Wednesday, January 28, 2026

Predicting Enantioselectivity via Kinetic Simulations on Gigantic Reaction Path Networks

Yu Harabuchi, Ruben Staub, Min Gao, Nobuya Tsuji, Benjamin List, Alexandre  Varnek, and Satoshi Maeda (2026)
Highlighted by Jan Jensen



The automated predict of chemical reaction networks have thus far been limited to relatively small systems, typically with less than 50 atoms (including Hs) due to computational expense. This study goes significantly beyond this by studying a system with 228 atoms.

This is made possible by three things: 

1. While the system is big, the reaction is relatively simple, so the reaction network is relatively small. 

The reaction is an acid-catalysed cyclisation reaction involving a relatively small and chemically simple molecules. It is the (chiral) acid catalyst that contributes most of the atoms. The reaction itself has three steps: protonation of alkene group, intramolecular C-O bond formation on the activated alkene, deprotonation of the O to regenerate the catalyst. Most of the atoms are chemically inert, and there are 12 chemically active atoms (defined by the user). In all, the study identified 74 possible intermediates/products and only about half of those are chemically distinct if you ignore chirality. 

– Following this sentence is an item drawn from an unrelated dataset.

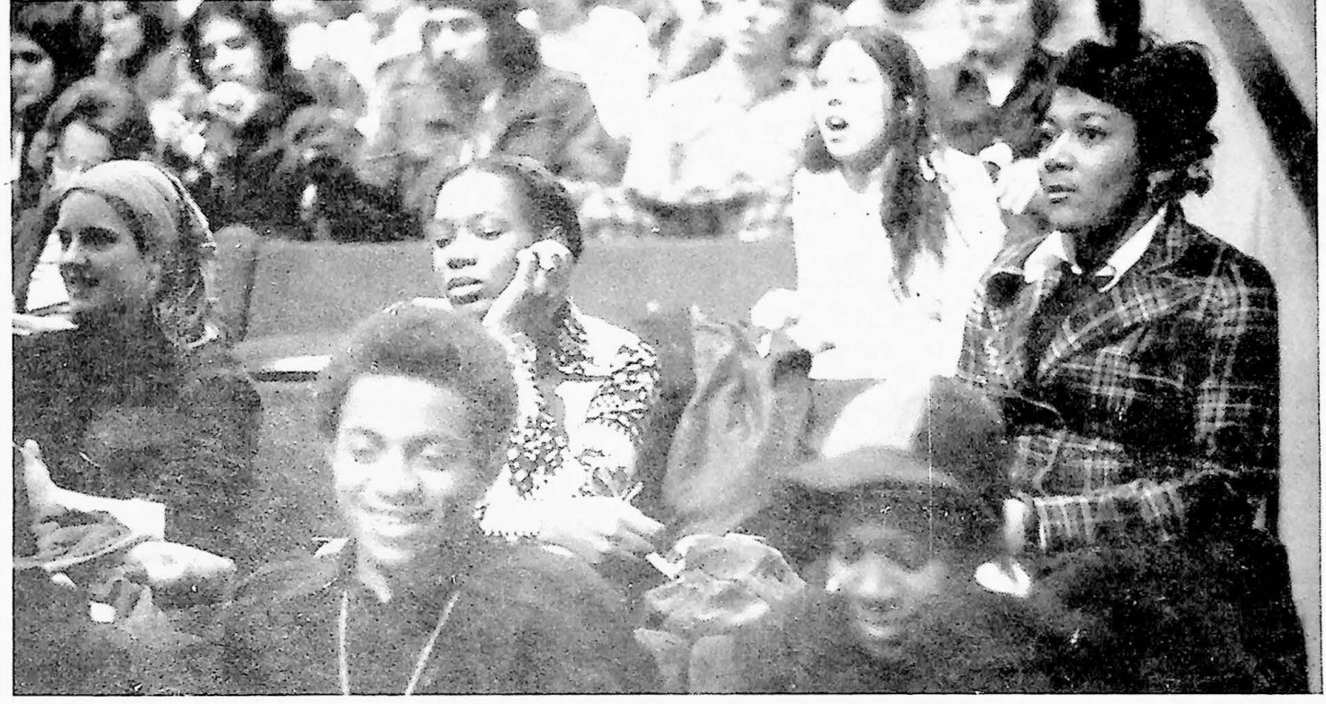
SICC Students in Give-and-Take Session With Albany Legislators

As far as the nominal fee argument is concerned, this is treacherous - history has shown that tuition does not go down but it increases at such a rate as to price the poor out of higher education. Have you noticed the ever increasing fees presently attached to our education which were not heard of a year ago e.g.: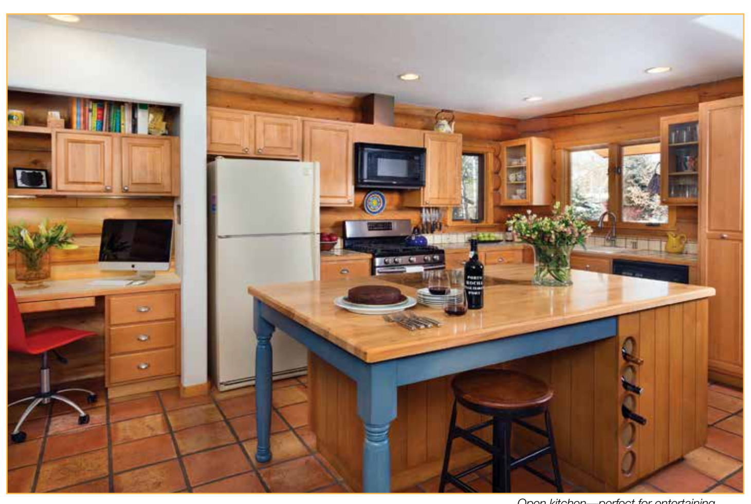
Open kitchen—perfect for entertaining

2. Cheap surrogate energy function

They use a Δ-ML approach that corrects the xTB energy and gradient to obtain better accuracy. The ML model is trained on-the-fly against DFT calculations. 

3. Massive computational resources 

In spite of 1 and 2 they this study required massive computational resources. They don't address this point specifically, other than to mention that it requires millions of gradient evaluations, but Maeda stressed this point during his talk at the WATOC last year. 

So this is not exactly a routine application.